Hardcore Henry Review

A man wakes up in a laboratory with no memory and a couple of cybernetic limbs, and is thrust into a violent quest to rescue his kidnapped wife.

by Jonathan Pile |
Published on
Release Date:

08 Apr 2016

Original Title:

Hardcore Henry

Films with sections seen from a first-person viewpoint are nothing new. The Rock’s marines-on-Mars video game adaptation Doom did it more than a decade ago.

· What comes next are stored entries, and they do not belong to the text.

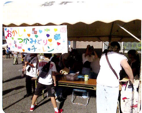
小学5年生と6年生の2グループが企画・運営した店には、多くの人が集まり、楽しんでいました。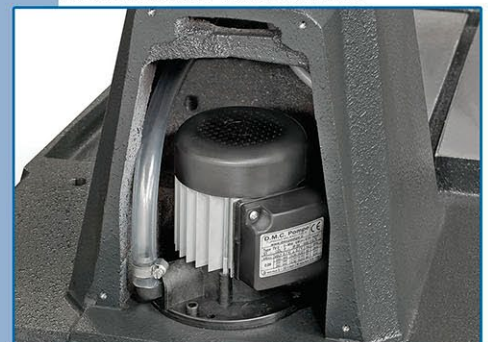
Impianto di refrigerazione • Système d'arrosage • Cooling system • Kuehlanlage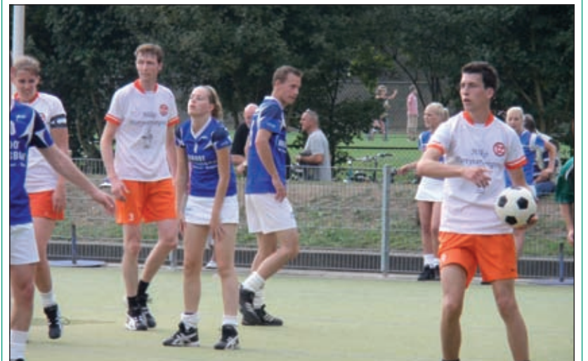
Na een slordige eerste helft herpakte Tweemaal Zes zich en won uiteindelijk met 15-26.

Een prima overwinning, waarin de aanvallende scherpte op een goed niveau was. Volgende week komt De Meervogels uit Zoetermeer op bezoek in Maartensdijk. Deze ploeg heeft al vier punten, dus zal er wederom 'volle bak' gespeeld moeten worden. Aanvang: 15.30 uur.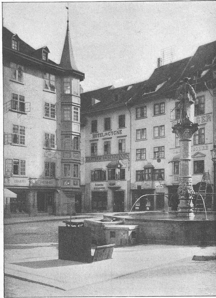
Fig. 21. Frohnwaagplatz mit der unterirdischen Transformatorstation.

Lady In The Lake, a Raymond Chandler adaptation, was shot entirely like that, and that was in 1947. Still, it’s rare enough to be proclaimed as a selling point, which is exactly what’s been done with Hardcore Henry — billed as the first action film to do it all the way through to avoid awkward Lady In The Lake pedantry.

As the bodies stack up, in inverse correlation to your interest levels, you’ll wish you could turn the damn thing off.

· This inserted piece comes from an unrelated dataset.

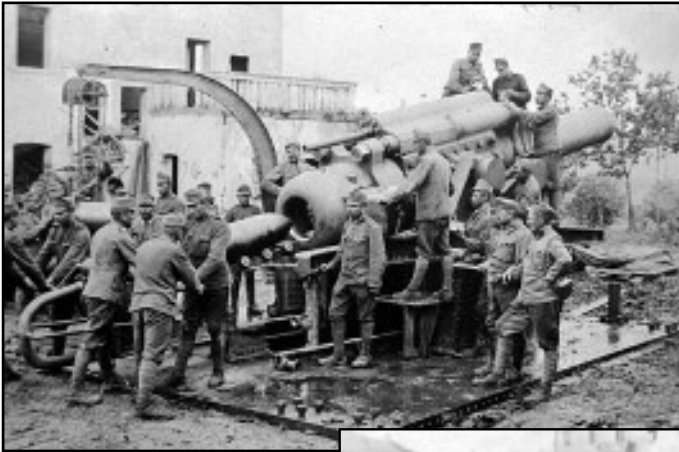
Castagnevizza, obice austriaco in azione contro la Terza Armata

Henry, our protagonist (you, ostensibly), wakes up with no memory, no voice and with his wife, Estelle, a budget Jennifer Lawrence (actually Haley Bennett), attaching cybernetic limbs in a sci-fi operating room. This facility is then attacked. Henry just manages to escape, but not before his wife is kidnapped by the bleached blond villain, who appears to have telekinetic powers for some reason. And so begins an increasingly tedious and violent adventure through a Russian city and its surroundings, taking in such video-game cliché locations as ‘strip club’, ‘the woods’ and ‘crumbling building’, with Sharlto Copley in various guises (punk, British solider, homeless man) as your guide.

In essence, it is a first-person shooter in cinematic form, but even if you’d gladly watch a stream of Battlefield 4 on Twitch for 90 minutes, you should still pause before seeing this. Because the filmmakers fundamentally seem to misunderstand how the human eye works, in that, it can move within its socket. So just because you shake your head, it doesn’t mean what you’re looking at will also move from left to right (go on, try it — naturally your eyes will stayed focused on one spot). It’s the same for running, climbing up buildings or leaping from one moving vehicle to another — the film presents these as disorientating experiences when, in reality, they (or at least the first two) are anything but. How would anyone go for a jog round the park if they saw the same juddery way Henry is presented as seeing? It would be chaos.

Could this be forgiven if there was an engaging story to follow? Or even a sense of fun? It’s a moot point, because there isn’t. Even the most rushed PS4 shooter is given more consideration than this appears to have been. And as the bodies stack up, almost in exact inverse correlation to your dwindling interest levels, you’ll wish you could do what you do if a game is starting to bore you – just hit a button to turn the damn thing off.

Light on plot, high on braindead action, it turns out there’s a reason hardly any films are shot in first-person view — it’s just not a very good idea.